Like most of my colleagues at CorpCounsel.com, I spend most weekdays in our newsroom/cubicle farm, staring at my iMac’s screen. But they let us out every now and then for good behavior, and I decided to be paroled to Perugia, a small university city in central Italy. For a few days, in theory, I wouldn’t think about alternative billing, e-discovery, or the Foreign Corrupt Practices Act.

Well, not so much. The Wal-Mart bribery scandal broke a day after my arrival, and as if to reinforce it, I had lunch with our cover guy from the March print edition of Corporate Counsel, Eni S.p.A. general counsel Massimo Mantovani. He summoned me to Ristorante Piperno in Rome’s old Jewish quarter, famous for its carciofi alla Giudia—flattened and fried artichokes.

I wasn’t interviewing Mantovani on the record, so I can’t go into specifics. He runs one of Italy’s biggest legal departments, some 300 lawyers, and its place in the country’s corporate counsel world is somewhat comparable to that of General Electric’s—both in its predominance and its alumni, who’ve scattered throughout Italy’s companies and law firms. We chatted about the increasing globalization of legal departments everywhere (the U.S. is not an exception, either, he noted) and what he worries about these days. We both brought up the Wal-Mart scandal—and Mantovani talked about how compliance is, more and more, dominating his thoughts and those of his colleagues.

Back in Perugia, I arrived in time for the start of its annual International Journal Festival. This city loves its festivals—Umbria Jazz takes place in July, and features luminaries like Sonny Rollins and even non-jazz performers like Sting and Prince. If it’s October, it’s time for Eurochocolate; one of the city’s biggest employers, the Nestle subsidiary Perugina, produces the famous Baci chocolate-hazelnut confection to the rhythm of some 1.5 million pieces a day.

The journalism festival is an amazing event. It’s all free to attend, and there are panel discussions, workshops, debates, and films throughout Perugia’s historic center. Festival-goers merely have to show up, and a platoon of young people keep the events running smoothly while print, online, and television journalists run around the town and keep the restaurants and bars humming.

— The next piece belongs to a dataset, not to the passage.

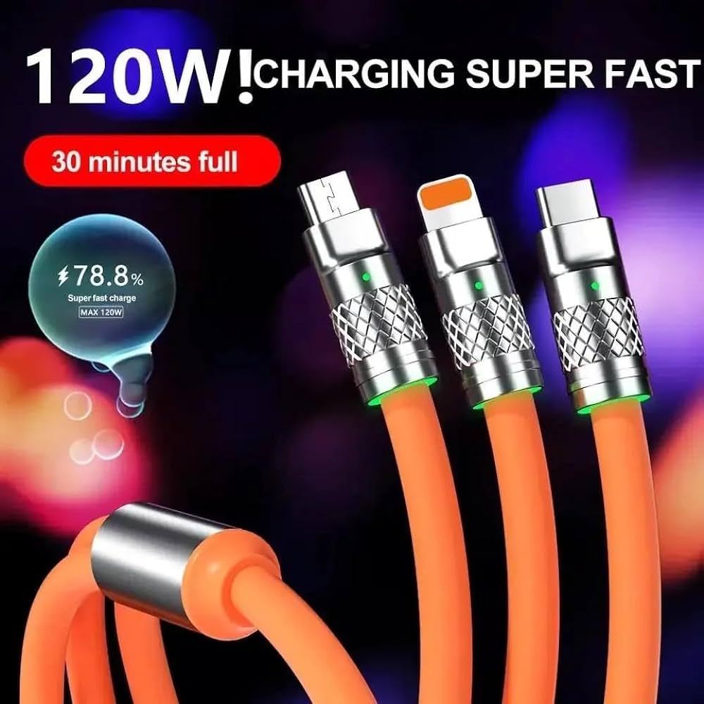Charger 380W Putih Fast Charging + Kabel Data 3in1 (Micro, Type C, & Lightning) Pengisian Daya Cepat 6A Quick Charging

For me the festival started with two documentary filmmakers, Gustav Hofer and Luca Ragazzi, whose recent film Italy—Love It or Leave It won them international acclaim and generated quite of lot of soul-searching here. This country has a long, often sad history of sending its people abroad in search of a better life. In recent years, the exodus has featured educated young people who can’t find work after getting their degrees. (Hmmm . . . sounds familiar.)

Festival officials showed the film first, and then threw the medieval city hall venue open for debate among the filmmakers and an expat, and then the audience. For more details, go to i-italy.org.

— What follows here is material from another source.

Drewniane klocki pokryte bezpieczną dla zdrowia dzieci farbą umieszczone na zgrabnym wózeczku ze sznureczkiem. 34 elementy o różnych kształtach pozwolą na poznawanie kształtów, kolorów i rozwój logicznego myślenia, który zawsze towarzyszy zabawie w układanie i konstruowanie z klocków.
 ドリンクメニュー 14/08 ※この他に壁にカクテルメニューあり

Today, the IJF’s day two, was busier. Columbia Journalism Review Online’s Justin Peters led The Economist’s Mark Johnson, Charlie Beckett of POLIS/The London School of Economics, and Lucy Chambers of the Open Knowledge Foundation in a discussion of how social media helps connect journalists and their audience—or not.

One of the fascinating tidbits from Johnson was that the editors at his magazine and website found that a big chunk of readers prefer to share their thoughts about articles on third-party sites such as Facebook, rather than in the article’s comments section on economist.com. So they’ve been trying various ways to make it easier to comment, such as letting unregistered visitors say their piece before they (hopefully) register.

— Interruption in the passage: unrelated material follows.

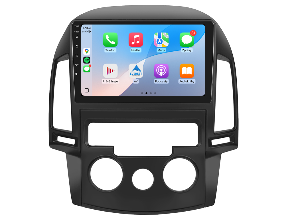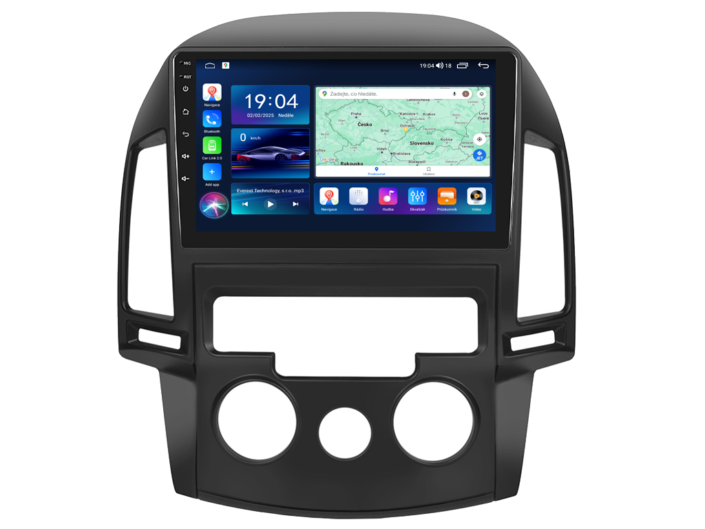 2DIN autorádio Everest EVT32 pro Hyundai i30 nastavuje nové standardy ve světě multimediálních technologií. Na první pohled zaujme svou 9 palcovou QLED obrazovkou s neuvěřitelným rozlišením 1280 x 800. Lze na ní sledovat video i prohlížet fotografie s podporou Android aplikacemi. O špičkový výkon a plynulý běh aplikací se stará stabilní software s 8-jádrovým procesorem ve spolupráci se 6 GB RAM. Náročný posluchač jistě ocení funkci DSP neboli digitální signálový procesor, který násobně zvyšuje kvalitu reprodukce. Za pomocí 4G modulu se z Vašeho autorádia stane smartphone, ze kterého můžete hravě odesílat SMS zprávy, využívat online GPS navigaci s aktuální dopravní situací či využívat další cenné funkce. Váš mobilní telefon již zůstane navždy v kapse díky bezdrátové funkci CarPlay a Android Auto. Díky operačnímu systému Android 15 budete mít ve svém automobilu kompletní multimediální centrum přeplněné funkcemi a aplikacemi. Pohled z parkovací kamery Vám umožní bezpečné a ničím nerušené couvání. Autorádio nabízí možnost výběru z různých jazyků, které obsahují přeloženou základní část systému do českého jazyka.

Another U.K. contingent livened up an afternoon session on the News International phone hacking scandal. The Guardian’s Amelia Hill (who helped break the news and said that NI’s in-house legal team wasn’t untouched by the scandal) and The Times’s David Aaronovitch locked horns over whether readers really care, and the ultimate effects of the episode. Will the government, or some ministers resign? Will News Corp. boss Rupert Murdoch leave the news business, as some shareholders and execs have demanded?

It’s a story that will unfold over the next few months. And the festival in Perugia has a few days left to go. Based on the IJF’s first days, it’s clear to me that my days away from the CorpCounsel offices won’t be disconnected from the goings-on in the in-house world. Away in Perugia, the corporate-law news keeps coming, and it fixes my attention in any language.